Après avoir travaillé à l’extérieur, Ludovic s’est installé après tiers, en 2003, sur une exploitation de 45 ha avec la volonté d’optimiser l’herbe au maximum. Le quota a été porté à 190 000 litres. Le lien avec les cédants s’est fait par l’intermédiaire de l’Adasea. Ludovic recherchait une exploitation avec un parcellaire regroupé et un prix de reprise raisonnable. Originaire d’Ille-et-Vilaine, il n’a pas hésité à changer de département pour réaliser cette installation qu’il appelle « familiale », au sens où toute la famille a déménagé. « La maison était vide depuis 6 ans et il n’y avait plus d’animaux sur le site. Le fait que nous venions nous installer ici en famille, avec un projet de vie, a beaucoup joué », explique-t-il. L’aspect familial était aussi l’élément moteur pour ce nouvel éleveur. « L’exploitation, c’est, d’abord, un lieu pour y vivre, en famille. » Avec un recul de 2 ans, Ludovic s’estime satisfait du revenu qu’il retire de l’exploitation. Et annonce la couleur, pour la suite : « Si, à l’avenir, il faut que je m’agrandisse, ça me posera la question de savoir si je reste agriculteur ou pas. »
Emplois en jeu
« Un milieu rural et agricole qui tient la route, qui n’est pas condamné à dépérir, c’est possible ! Les choses commencent à évoluer positivement à ce niveau-là », a lancé Jean Pluvinage, prenant appui sur le témoignage de Ludovic Billard et ses différentes études, en France et à l’étranger. « En Ardèche, les filières ne crachent plus sur les petites exploitations. Le maintien de la filière passe par le maintien de chacune des structures. » Pour le sociologue, il est primordial de conserver l’existant au nom de tous les emplois qui sont en jeu. « Dans d’autres pays, on y pense aussi beaucoup. C’est essentiel. »

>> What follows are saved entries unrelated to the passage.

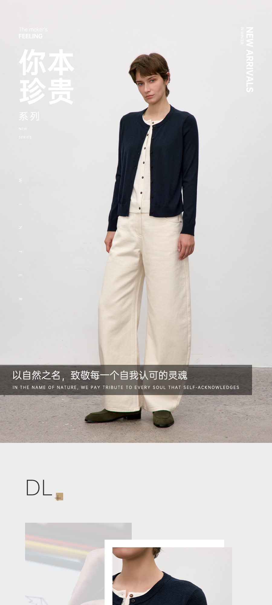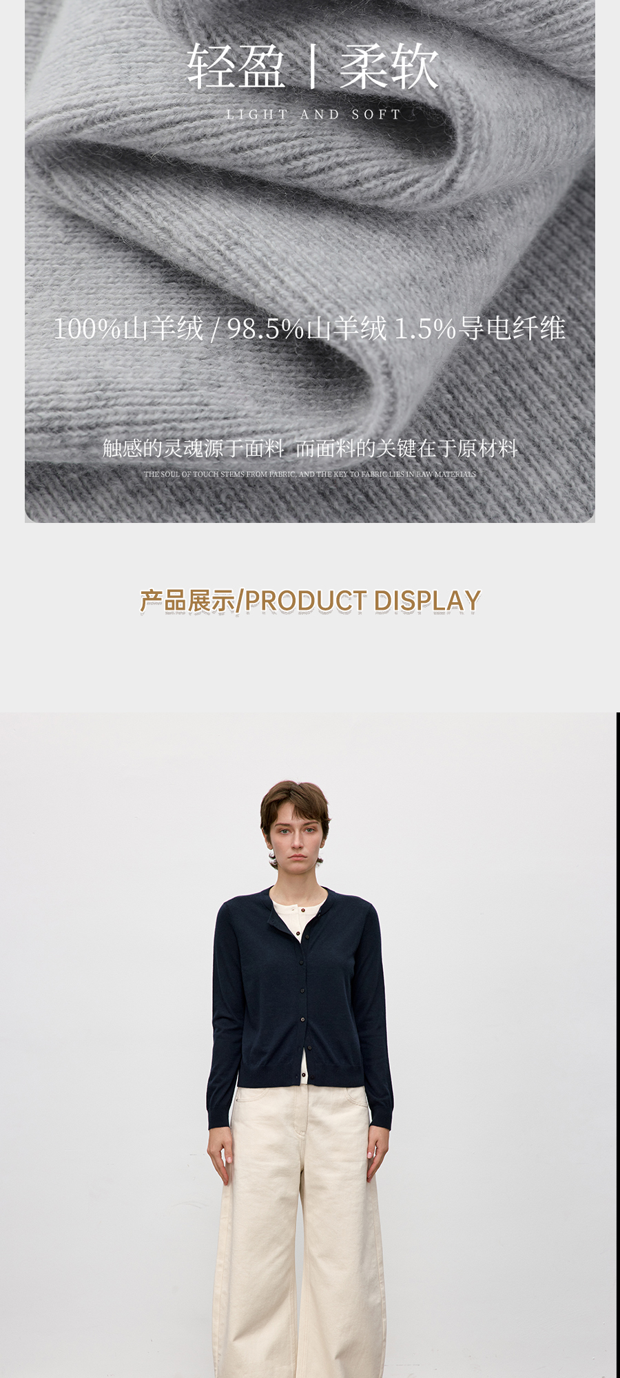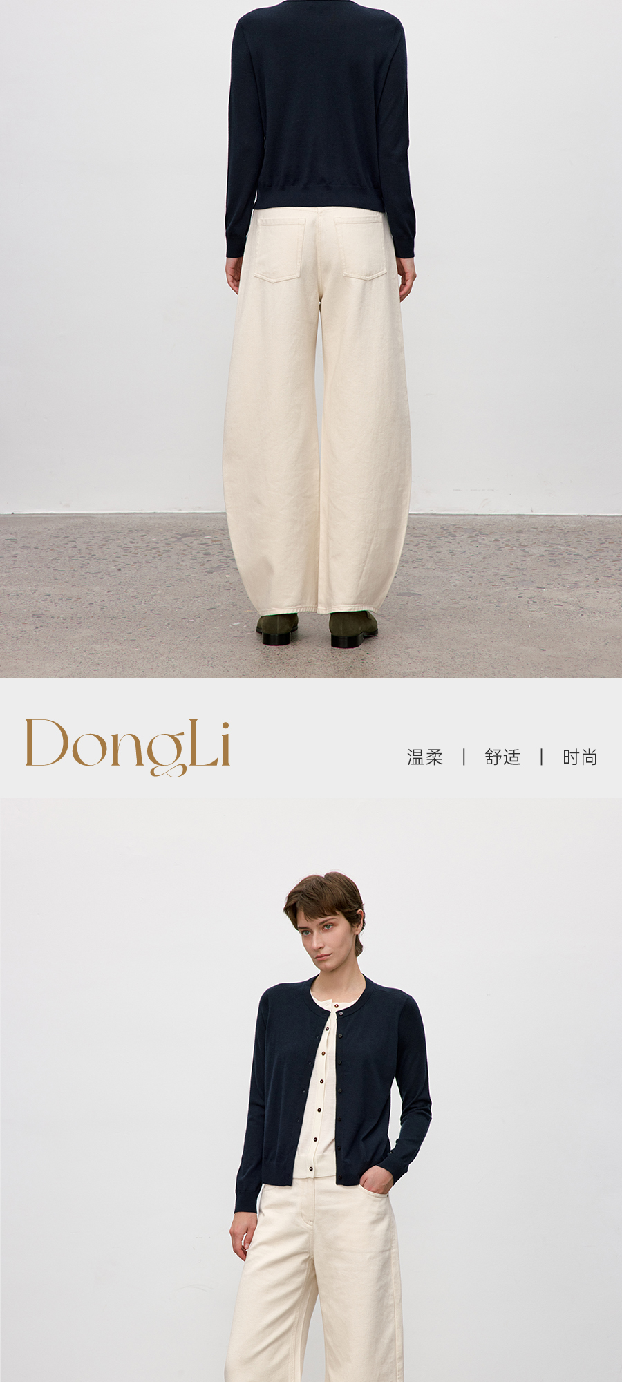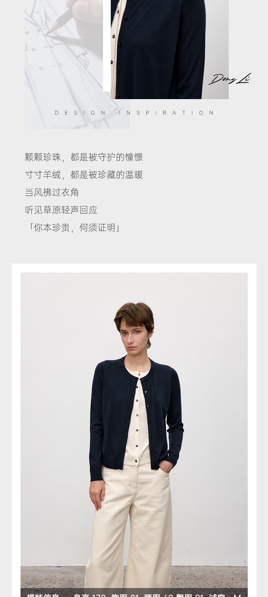 东黎 • 你本珍贵 轻盈冬日 山羊绒女士秋季圆领拼色开衫 5535
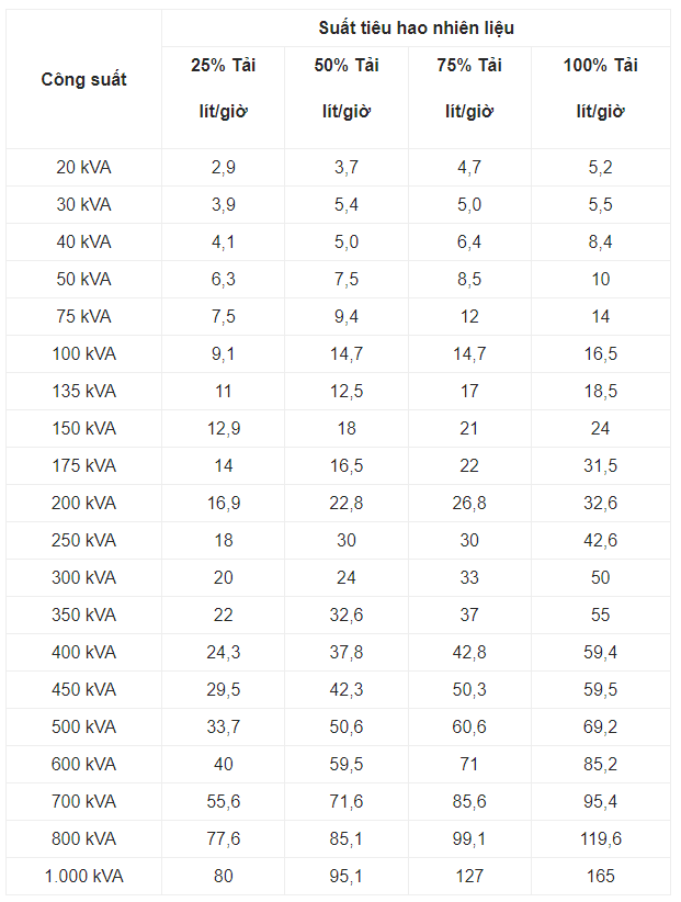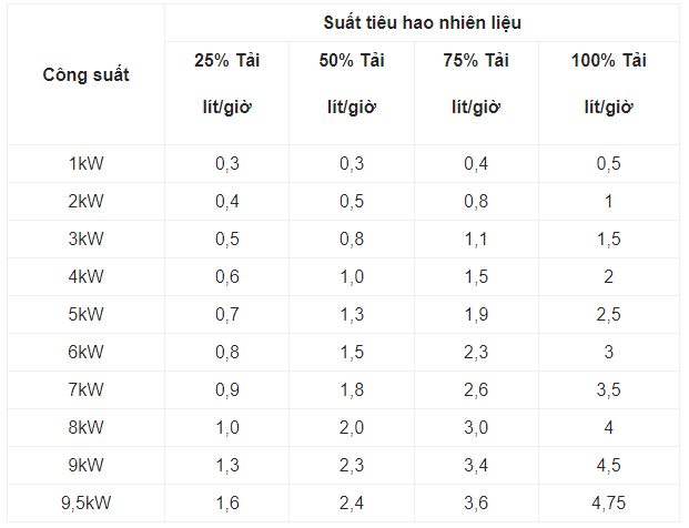 Để quy đổi ra lít thì ví dụ 1 lít dầu có trọng lượng là 800g vậy lượng tiêu hao dầu Diesel của công suất 1kW tối đa trong 1 giờ sẽ là: 210g = x lít (0,2625 lít). Như vậy máy có công suất 10KW thì lượng nhiên liệu tiêu hao là: x lít * 10 = 2,625 lít.
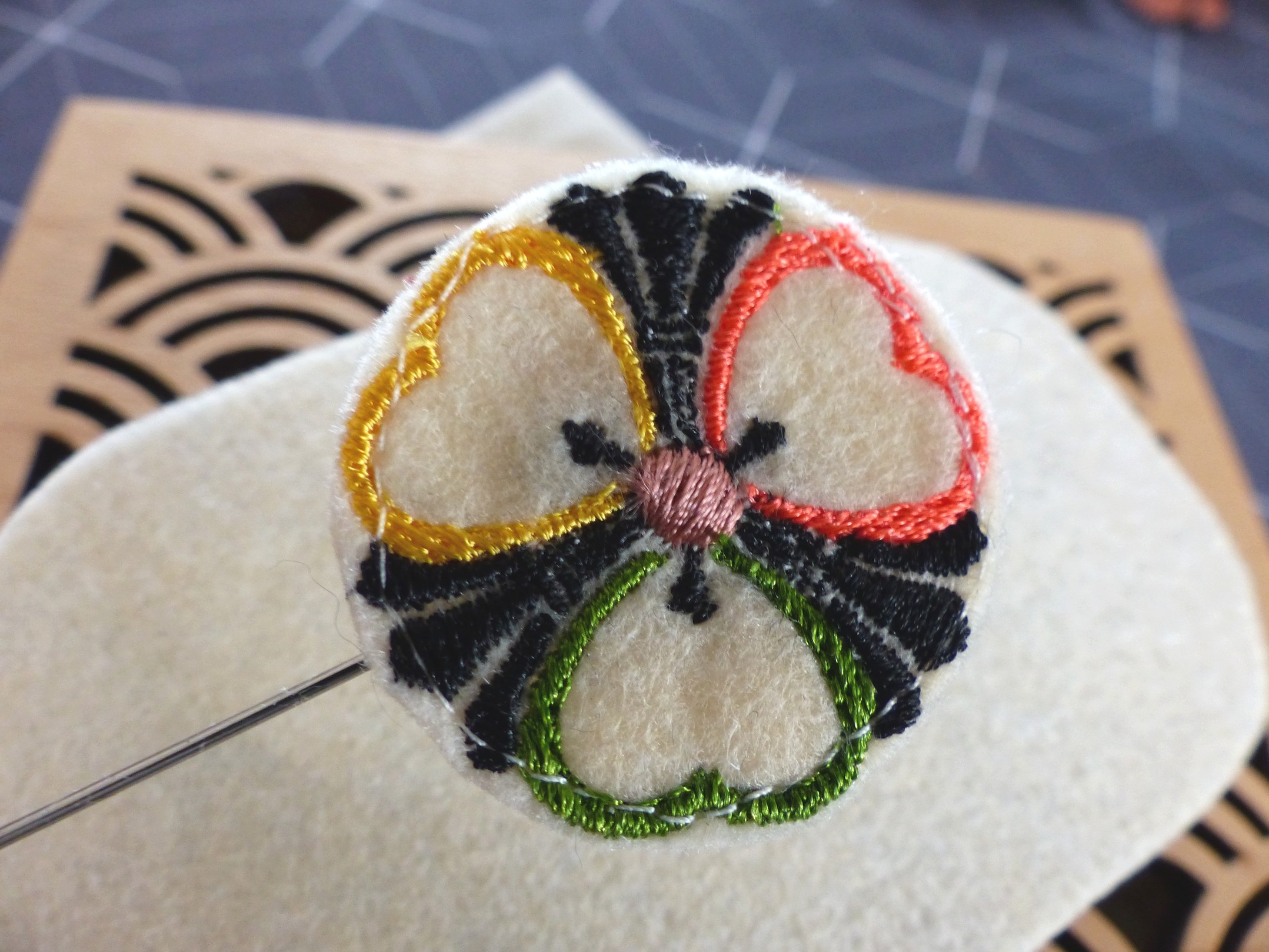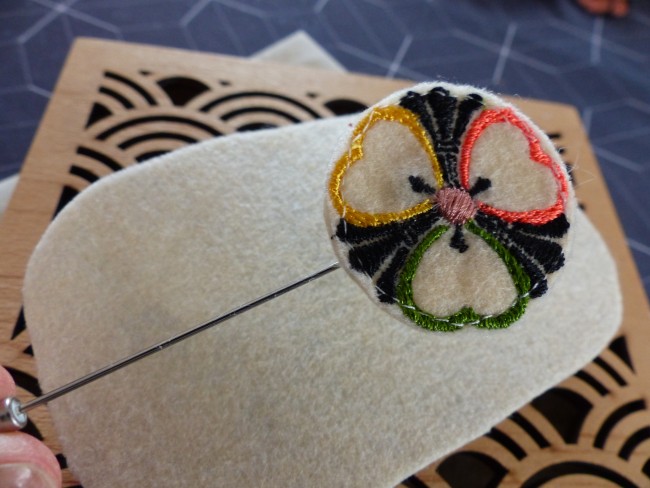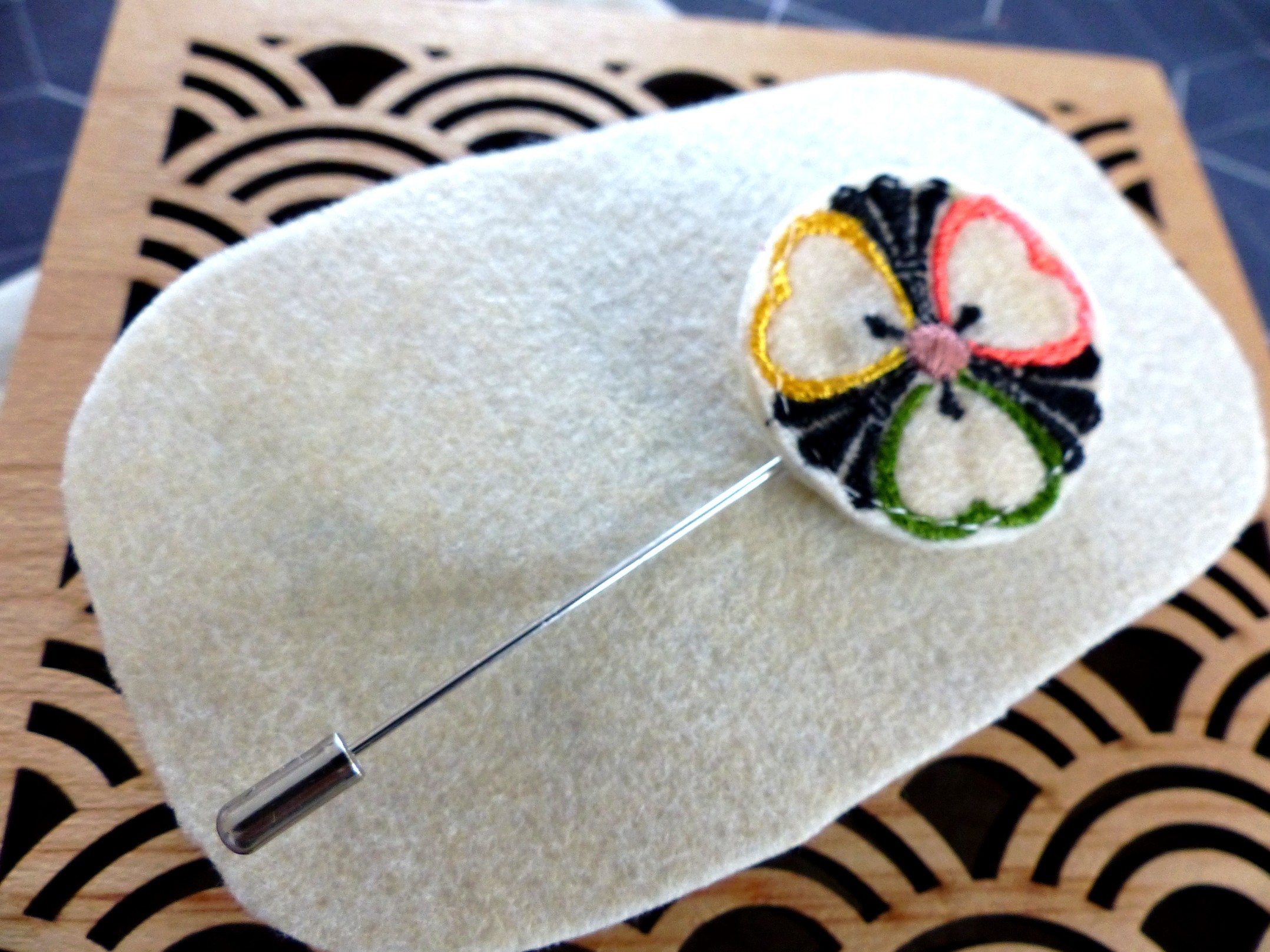 Pique broche "fleur 3 coeurs" brodé sur feutrine fine écrue
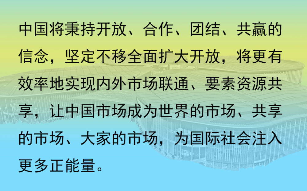 他强调,中国将坚定不移维护真正的多边主义,坚定不移同世界共享市场机遇,坚定不移推动高水平开放,坚定不移维护世界共同利益。
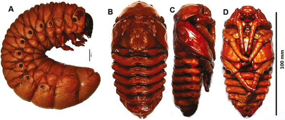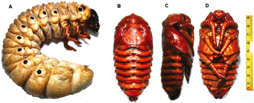 Figura 11 M. elephas: A. larva de tercer instar, vista lateral; B, C, y D pupa: B. frontal; C. lateral; D. ventral.
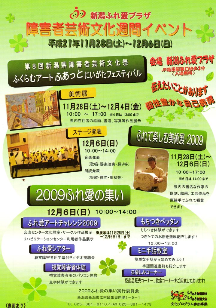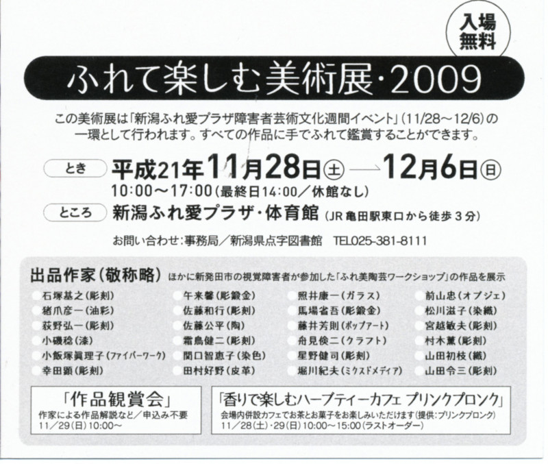 今朝の新潟日報・アートピックス欄でも紹介されていますが、視覚障がいのある人も楽しめるアートということで、“すべての作品に手で触れて観賞する”ことができる作品展。「新潟ふれ愛プラザ障害者芸術文化週間イベント」の一貫として開催。

« Quid de la transmission quand l’exploitation s’agrandit tellement que son prix en devient exorbitant ? Comment réussir à s’occuper de l’environnement de l’exploitation quand on est déjà débordé par le travail courant ? » se sont interrogés les responsables du syndicat, pour lesquels le maître-mot devrait rester : « une installation pour chaque départ ». Ils ont, enfin, insisté sur la possibilité de réaliser la mise aux normes de l’exploitation à moindres frais alors que la tendance actuelle est plutôt aux lourds investissements. Pour Raymond Robic, secrétaire général du syndicat, « la mise aux normes a toujours été un prétexte à la restructuration ».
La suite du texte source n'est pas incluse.